Phase 6: Testing and launch

Always test before launch. And after launch. And again after the client has had a chance to muck around with the site. There are a few steps to the launch phase. First, you’re moving your code from a development server to a staging server (the server that holds your site before the world gets to see it), and making sure parts of it didn’t break in transit. Once everything is good, you’ll move things from staging to production (where the site will ultimately live), and test again to make sure things didn’t get lost in transit. For this process, it’s incredibly useful to have developers on your team.

For most projects, I also like to include a seventh phase that helps consolidate everything we’ve learned from working on the project:

Phase 7: Wrap-up meeting/documentation

In the wrap-up meeting, you sit down with the client and discuss what worked well in the project, and what could have gone better. It’s also a useful time to document the knowledge you gained through the project, either in an internal wiki for your team, or on Drupal.org, where it can benefit the Drupal community.

Figure 1-2 provides a quick visual breakdown of how a typical Drupal project works.

Typical project life cycle for a Drupal site.

Figure 1-2. Typical project life cycle for a Drupal site.

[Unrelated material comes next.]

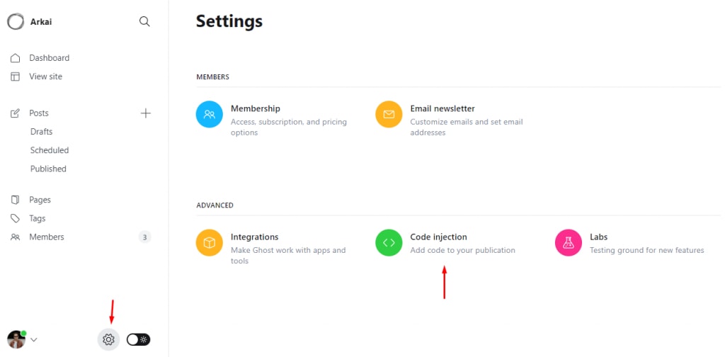 Code injection is a great feature on Ghost. You can easily write styles and scripts for your site without editing the theme file. You can add various plugins code here like Google analytics

Implementation Plans: Breaking Up Your Work

Another important issue to consider when talking to project stakeholders, and creating project plans, is how you categorize and prioritize your workflow. Since much of what you’re doing in Drupal is managing content and/or creating specific functionality, it’s vital to think, and speak, in terms of specific chunks of content or functionality that you have to create.

For example, Figure 1-3 shows the start of a functional matrix for Urban Homesteaders Unite (UHU), a project currently in process.

Functional matrix for Urban Homesteaders Unite. Note the specificity of tasks: create a single taxonomy vocabulary or content type, rather than “all” content types.

Figure 1-3. Functional matrix for Urban Homesteaders Unite. Note the specificity of tasks: create a single taxonomy vocabulary or content type, rather than “all” content types.

By setting up your work in chunks of content instead of discrete task types, you eliminate the confusion that comes with making a statement such as “On the week of the 14th, we’re going to be setting up content types.” While this can be perfectly fine if you only have a couple of content types to put together, any site that’s larger than a few pages is likely to have enough complexity that each section of content or functionality will require its own content types, views, wireframes, and even custom page templates or modules—all of which will evolve during the course of the project.

By setting up the project plan with a list of very specific activities that will be done according to the tasks that must be accomplished on the site, you set a reasonable expectation with your client on what they’ll be able to see at the end of a given period of time. Breaking down the tasks in order of importance also helps the development team get an idea of what the key user priorities are.

Most importantly, setting up project plans by user tasks gives you the freedom to do whatever needs to be done to finish that specific task without having to waste time loading a bunch of milestones into Basecamp (or the project management tool of your choice) that the client doesn’t really need to see.

And Now We Are Six

Now that we have an idea of how a Drupal project will play out, it’s time to go a bit deeper into what each phase looks like. In Part I we focus on the discovery and UX phases, which help get everyone in the team (both you and the client) on the same page.